Когда свитер был найден, Иван Сергеевич отправился в переднюю одеваться, свалил ведро и ушел. Через некоторое время дверь в передней хлопнула, потянуло морозцем, и в спальню вошла акушерка – пожилая женщина в пенсне на синей тесемке.

– Ну что, касатка, будем рожать? – сказала она, вопросительно потирая руки, точно можно было и не рожать.

Тогда то ли оттого, что начались схватки, то ли от страха, что вот это уже пришло, Аглая Петровна закричала так страшно, что верхний жилец, городовой, соскочил с постели и забегал по потолку.

Когда Аглая Петровна разрешилась и наступила пора знакомиться с новорожденным, Иван Сергеевич, почему-то робея, вошел к жене в спальню, где все так же горела керосиновая лампа, неприятно добавляя свой сумеречно-желтый свет к утреннему, блеклому, но живому. Комната показалась ему новой, чужой, как будто без него в ней зачем-то переставили мебель, что, впрочем, обычно бывает с комнатами, когда в них умирают или родятся. Иван Сергеевич жалобно посмотрел на жену и подошел к младенцу. Младенец был ни на кого не похож. Видимо, эту непохожесть следовало объяснить тем, что его лицо просто еще не приняло никаких черт, а изображало только одно страдание, и Иван Сергеевич позже подумал, что, наверное, рождаться – это чрезвычайно болезненная процедура, но в первую минуту он был только огорошен и огорчен. Во вторую минуту он спросил акушерку, кого родила жена – девочку или мальчика. Акушерка ответила, и Иван Сергеевич произнес:

– Значит, что Владимир.

Поскольку теперь это был не просто младенец, а мальчик по имени Владимир, отец еще раз склонился над новорожденным, подумав, не отзовется ли на нем как-нибудь такая важная перемена. Он долго смотрел в маленькое лицо и вдруг сказал про себя: «Ох, хлебнешь ты, брат, горя, чувствует мое сердце!»

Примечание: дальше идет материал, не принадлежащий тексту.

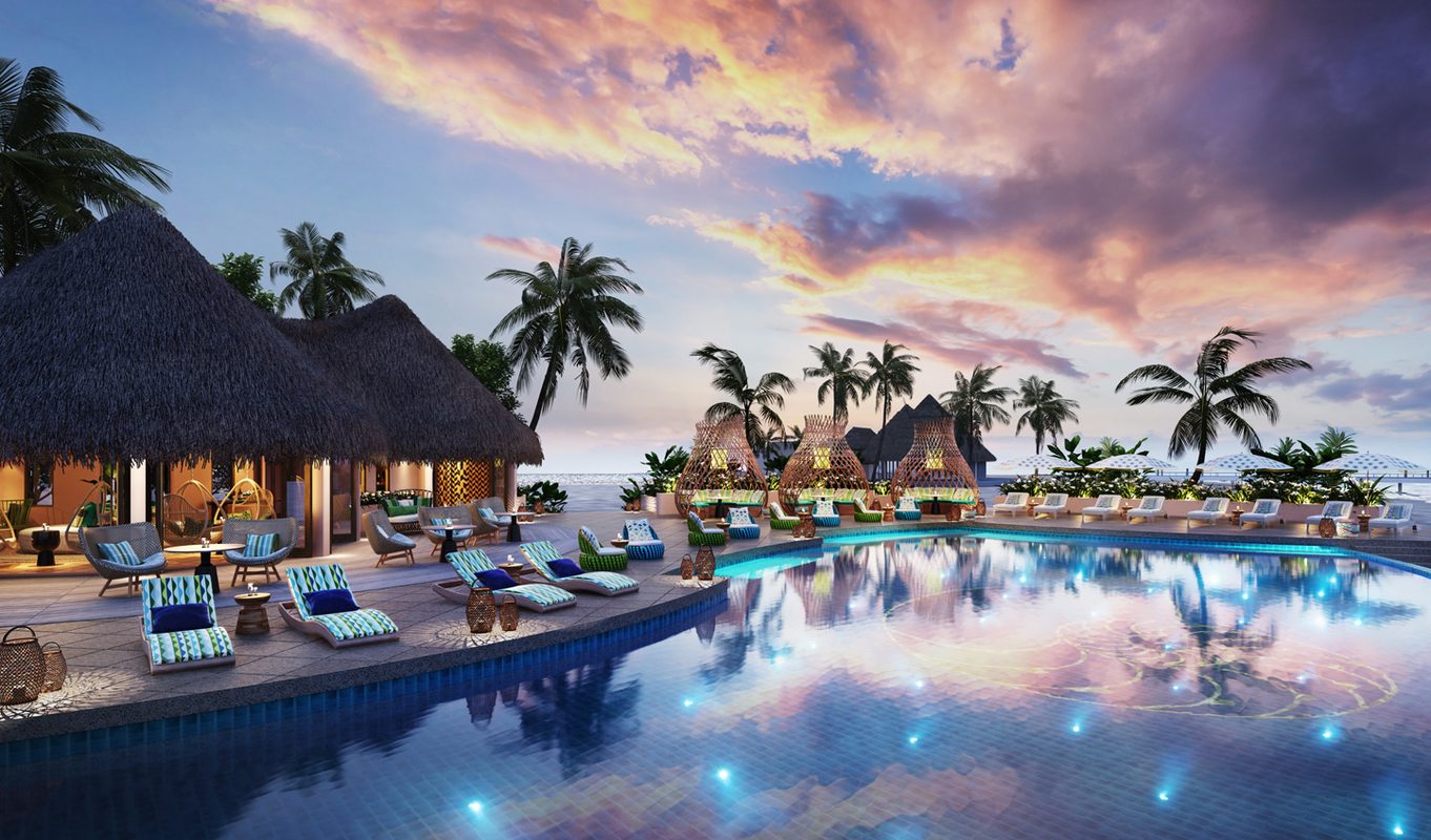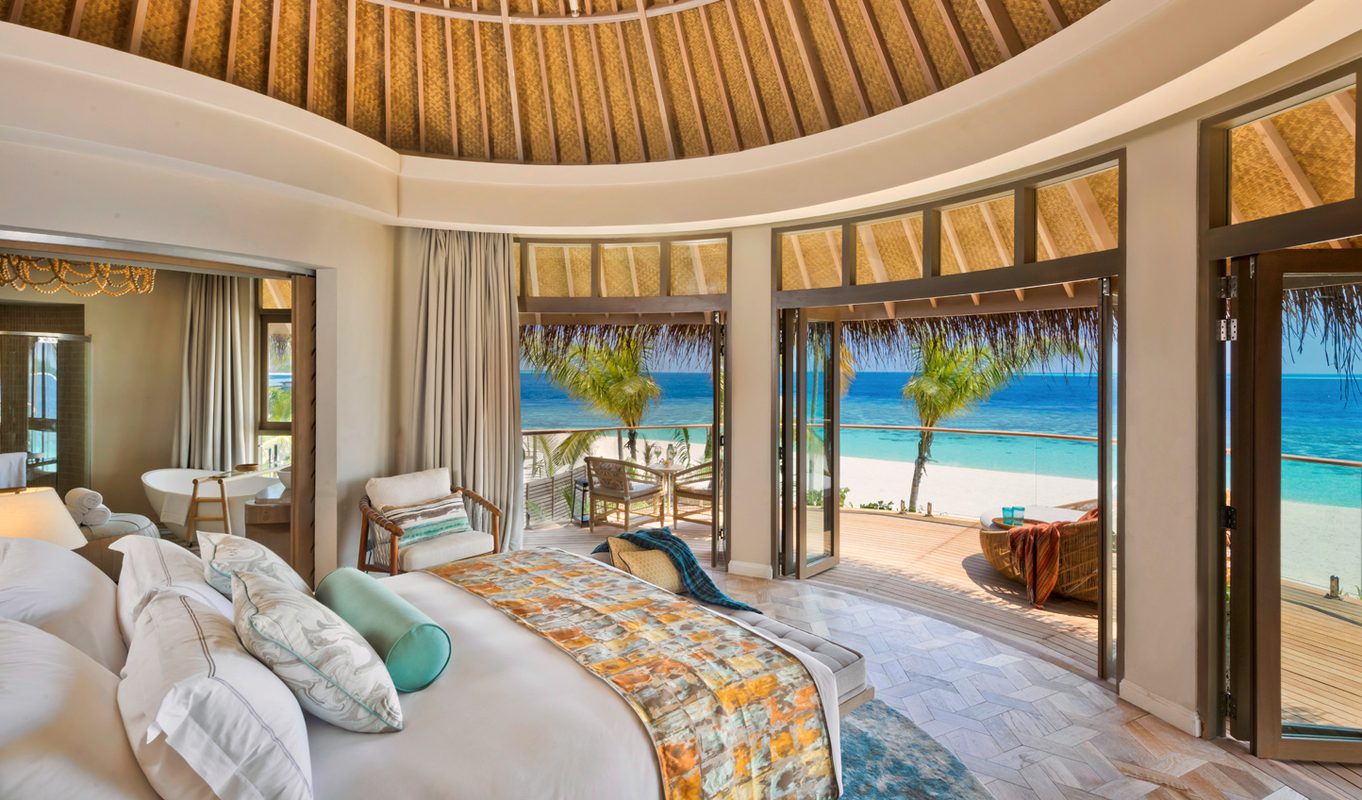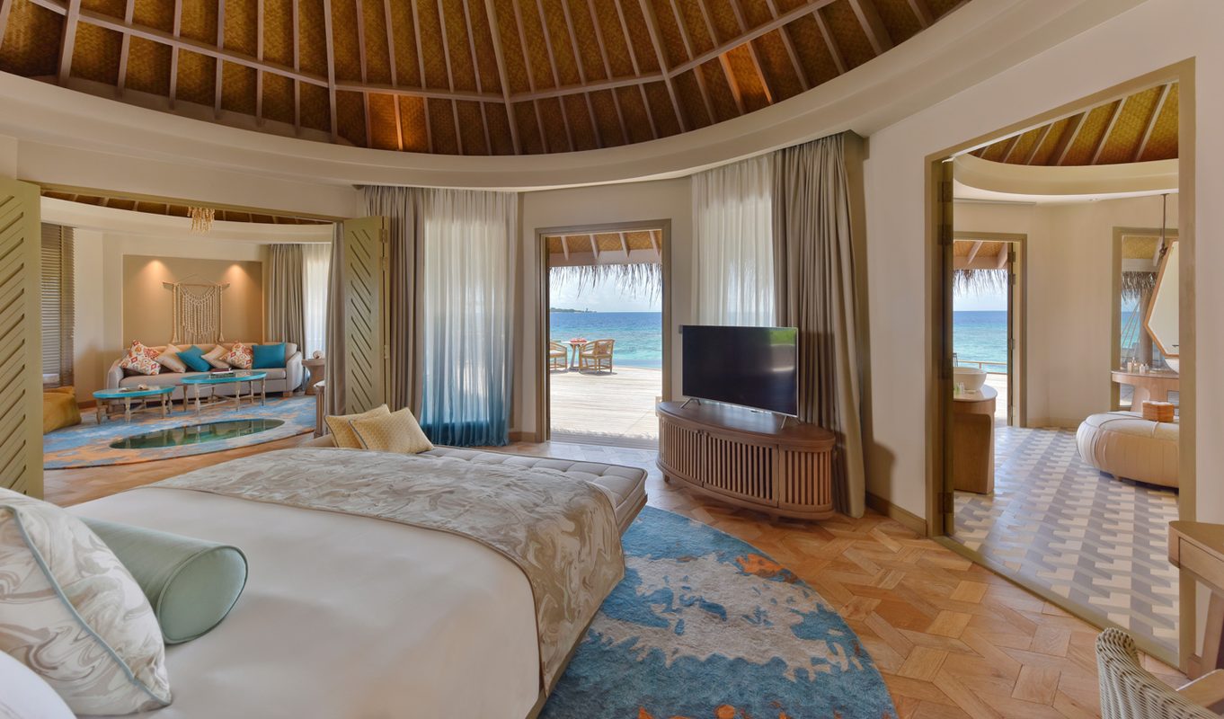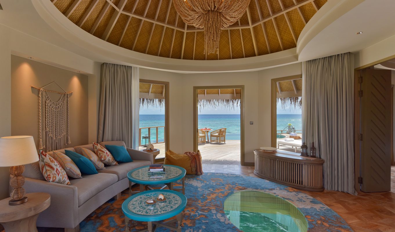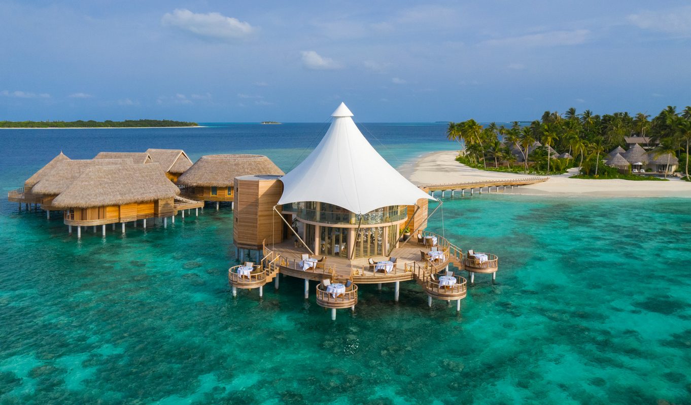 Small, yet perfectly formed, The Nautilus comprises 26 spacious homes – all with private pools and all flooded with natural light and with direct access to the reef. Coconut-thatched houses perched above the water are dressed to impress with glass-bottomed living rooms, allowing you to watch the tropical fish darting around freely below. The open-planned bathrooms are an absolute treat too, boasting a large free-standing tub with sensational views out to the ocean.

Первые годы жизни Владимир Иванович Иов провел в родном Дмитрове, правда, на другой улице, в небольшом деревянном доме с крашеным мезонином. За домом был довольно просторный двор, выходящий на замусоренный пустырь, от которого сырыми вечерами тянуло тошнотворным запахом разложения. Владимир Иванович говорил, что ему до сих пор явственно помнится этот двор, заросший лопухами, крапивой и лебедой, то есть растительностью, которая обычно ластится к человеческому жилью. Ему также помнится сад, занимавший некоторую часть двора, с низкорослыми яблоневыми деревьями, с дорожками, посыпанными чистым речным песком; ему даже помнится запах тления, доносившийся вечерами, и он утверждает, что этот запах иногда ни с того ни с сего вдруг пырнет ему в нос, точно он может существовать сам по себе, как воспоминания.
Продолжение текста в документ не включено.